Start of Block

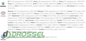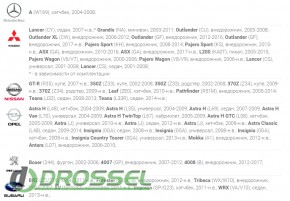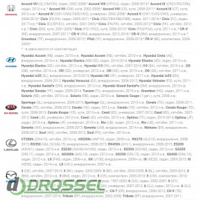| Марка автомобіля | Acura, Citroen, Chery, Chevrolet, Ford, Geely, Great Wall, Honda, Hyundai, Kia, Lexus, Mazda, Mercedes, Mitsubishi, Nissan, Opel, Peugeot, Subaru, Suzuki, Toyota, VW |
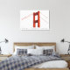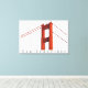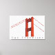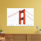 Ett närfoto fångar det ikoniska röda torn i Golden Grind Bridge. Tornens konstruktion är synlig, med lodräts stöd och vågräts strålar. Brons upphängningskablar, av många tunna trådar, sträcker sig från torn och skapar mönster i lodrät linjer mot den vita bakgrunden.
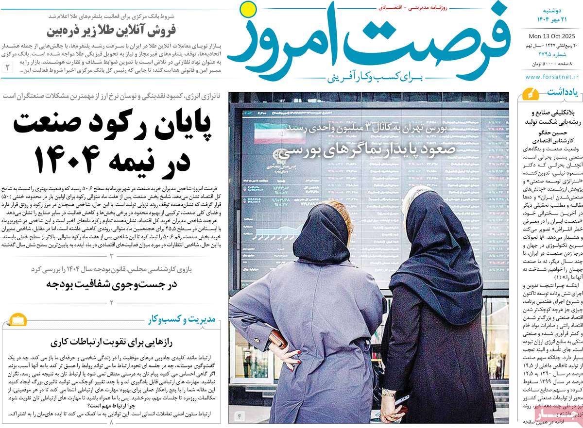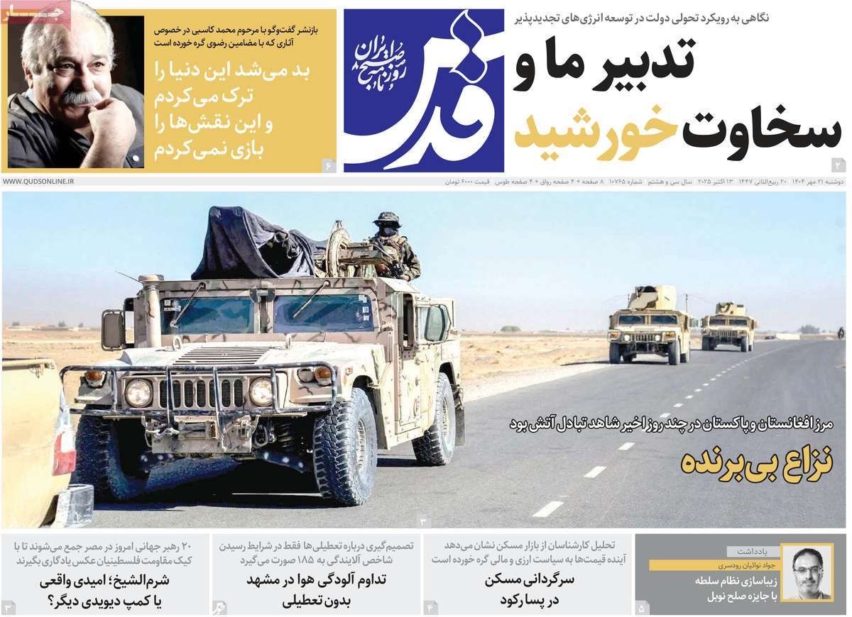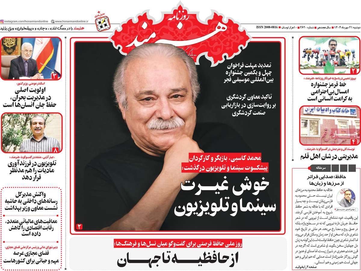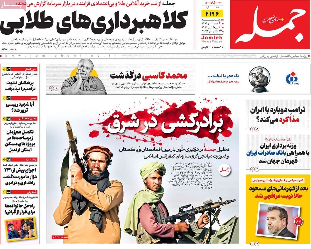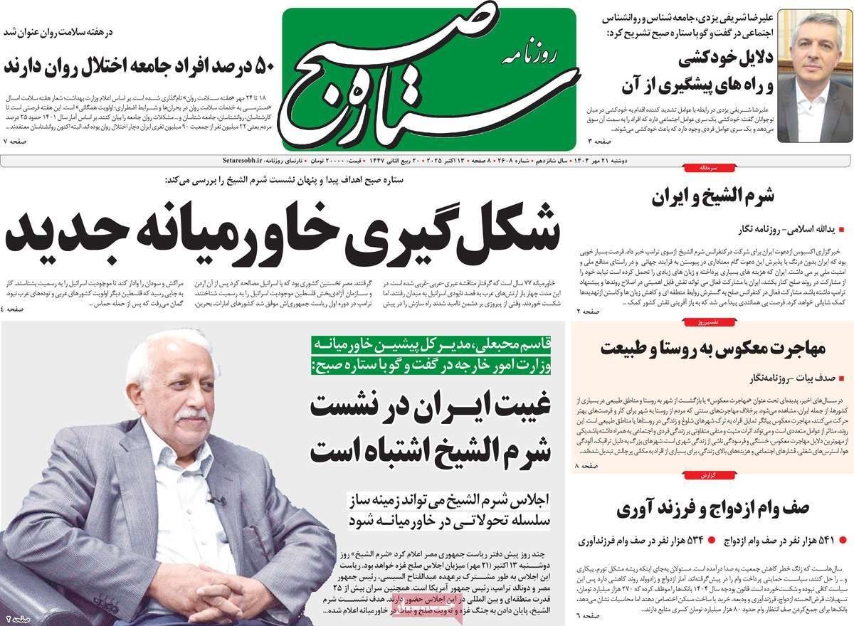 صفحه نخست روزنامههای دوشنبه ۲۱ مهر ۱۴۰۴

End of Block

> [WORK TASK]:
The required output is the lines from the one containing "Ett närfoto fångar" through the end of the data, printed exactly, with no pictures.

> [OUTPUT]:
 Ett närfoto fångar det ikoniska röda torn i Golden Grind Bridge. Tornens konstruktion är synlig, med lodräts stöd och vågräts strålar. Brons upphängningskablar, av många tunna trådar, sträcker sig från torn och skapar mönster i lodrät linjer mot den vita bakgrunden.
 صفحه نخست روزنامههای دوشنبه ۲۱ مهر ۱۴۰۴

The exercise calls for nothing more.